Treblinka, major Nazi German concentration camp and extermination camp, located near the village of Treblinka, Poland, 50 miles (80 km) northeast of Warsaw on the main Warsaw-Bialystok railway line. There were actually two camps. The Nazis opened the first, Treblinka, 2.5 miles (4 km) from the railway station in December 1941 as a small forced-labour camp. The second, larger, ultrasecret camp—called “T.II” (Treblinka II) in official dispatches—was 1 mile (1.6 km) from the first and opened in July 1942 as an extermination camp for Jews as part of the “final solution to the Jewish question,” or the Holocaust. The Nazis established this camp—along with Belzec and Sobibor—as part of Operation Reinhard, an effort to exterminate the Jews of occupied Poland.

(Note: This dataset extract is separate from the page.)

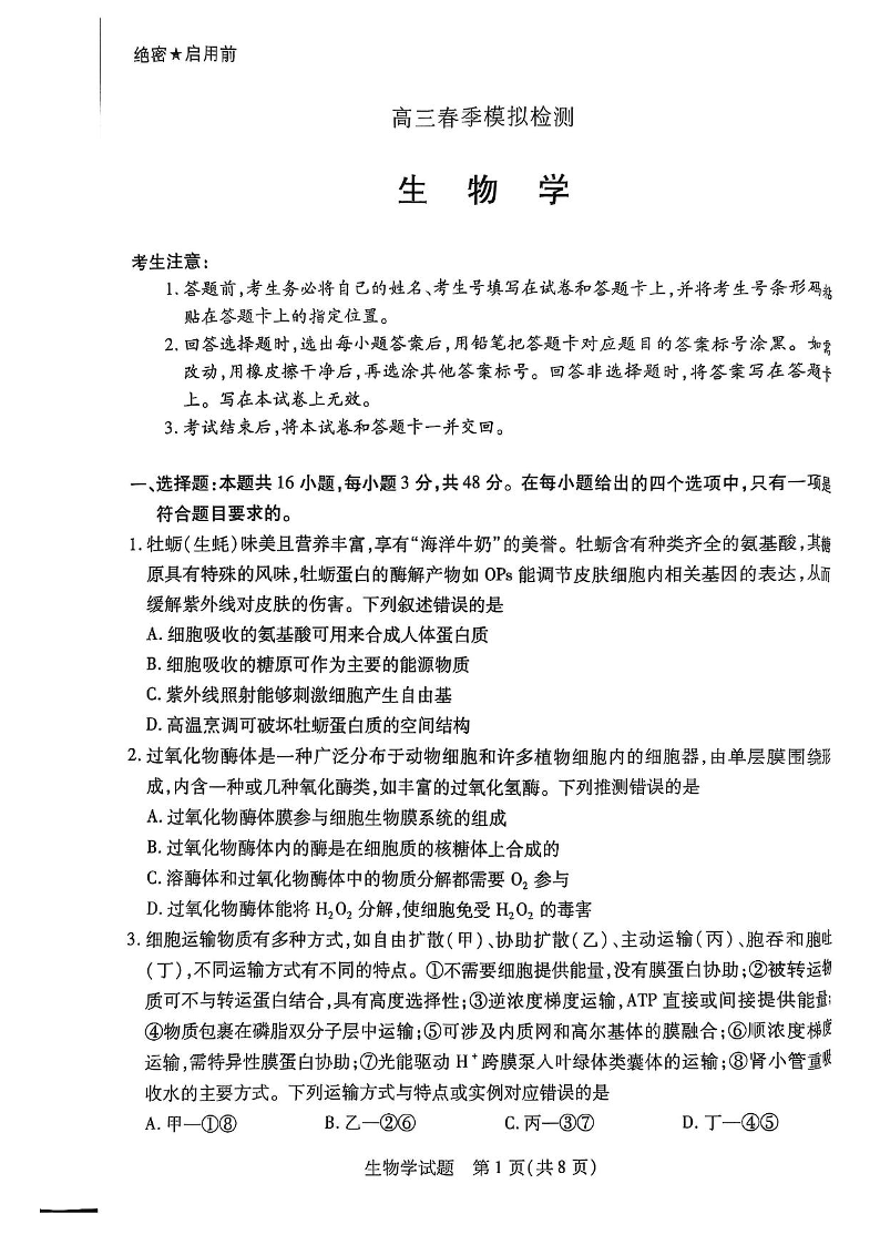 河南省天一大联考2025届高三3月春季模拟检测生物+答案
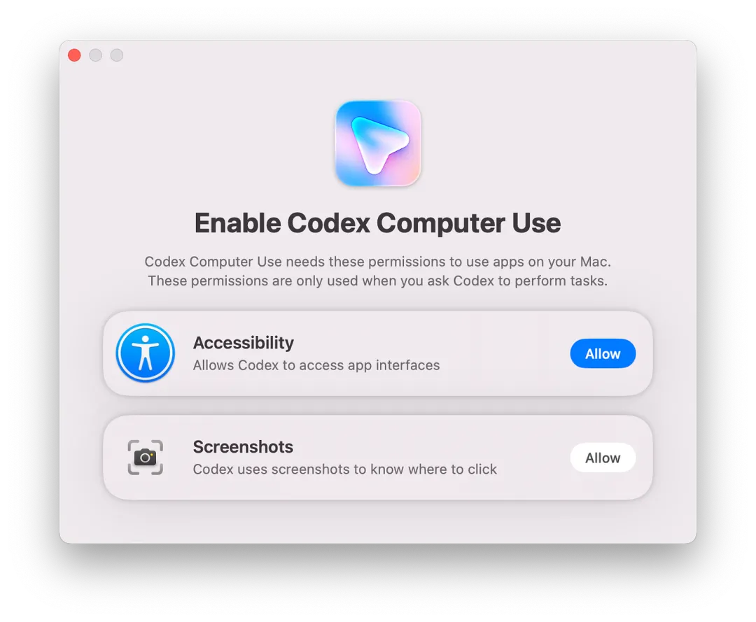 打开后授权屏幕录制 和辅助功能 权限,即可开启Computer Use。

Massive deportations from Warsaw began on July 22, 1942. Over the next two months, the Nazis deported more than 250,000 Jews from Warsaw to their deaths at Treblinka. The Nazis also murdered more than 100,000 Jews from other areas of Poland at the death camp. Upon arrival at Treblinka II in railway freight cars, victims were separated by sex, stripped of their clothing and other possessions, marched into buildings containing “bathhouses,” and gassed with carbon monoxide that issued through ceiling pipes from diesel engines. (The camp may later also have used the poison gas Zyklon-B.) Camp workers took those unable to walk to an area called the infirmary, replete with a Red Cross flag. Inside was a large ditch where they were killed.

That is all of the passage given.